To study the process of disintegration by means of cavitation, samples of high-clay sands from one of the sections of the Besheny field of Primorsky Krai were selected. Samples of 150 g were placed in water and were cavitated by IMAHASHI (model USD150B) unit. The disintegration was estimated by the change in the mass of mineral particles separated from the sample. The separated part of the mineral particles separated with water was drained, dried in an oven and after cooling it was weighed on a laboratory electronic scale OHAUS Scout Pro SPU202 (Mettler Toledo, China) with a systematic error of ± 0.001. Based on the results of studies, the dependence of the intensity of cavitation on the mass of the disintegrated clay component of the slurry is established (Figure 2).
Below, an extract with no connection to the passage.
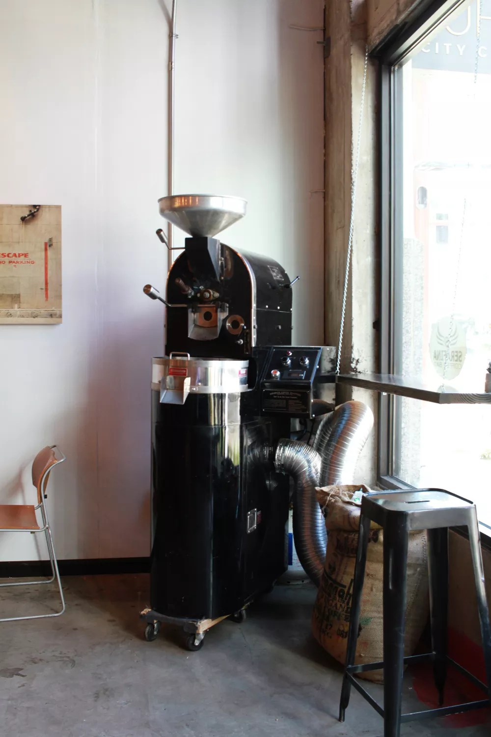 The roaster is tucked under century-old windows and behind a wooden table. Yes, it’s inside his new coffee shop, and it’s the coffee shop’s heart. It roasts seven pounds of coffee beans at a time. This is unusual for a metro Phoenix coffee shop. Many cafes can lay a claim to locally roasted coffee, but how many are brewing coffee beans that have been roasted just feet away?

The process of disintegration initiated by ultrasonic action and mechanical stirring of smaller samples and the clay component of the hydraulic fluid were also compared. To do this, samples of 35-40 g, with average initial moisture content of 12%, were weighed on laboratory electronic weighbridges OHAUS Scout Pro SPU202 (Mettler Toledo, China) with a systematic error of ± 0.001, then placed in water purified by filtration using the REVERSE OSMOSIS SYSTEM system "ATOLL 560". The time of action on the mineral mixture with pieces of samples was 5, 10 and 15 min. The average value of the specific interfacial surface of the particles (fractions less than 0.5 mm) was determined by the sandy-clay composition of the mineral hydraulic fluid after mechanical and cavitation effects (Figure 3). The dispersion of the fraction less than 0.5 mm was established using a Fourier spectrum in a mineral slurry medium by means of an "Analysette 22 Micro Tec Plus" laser diffractive microanalyzer (Fritsch GmbH, Germany) operating on the basis of a converging laser
beam and using the physical principle of electromagnetic wave scattering to determine the particle size distribution. The estimation of random errors was performed on the basis of the Student's method with a reliability value of 0.95 and the number of measurements n=5, and the elimination of gross errors in the statistical series by the rule of three sigma.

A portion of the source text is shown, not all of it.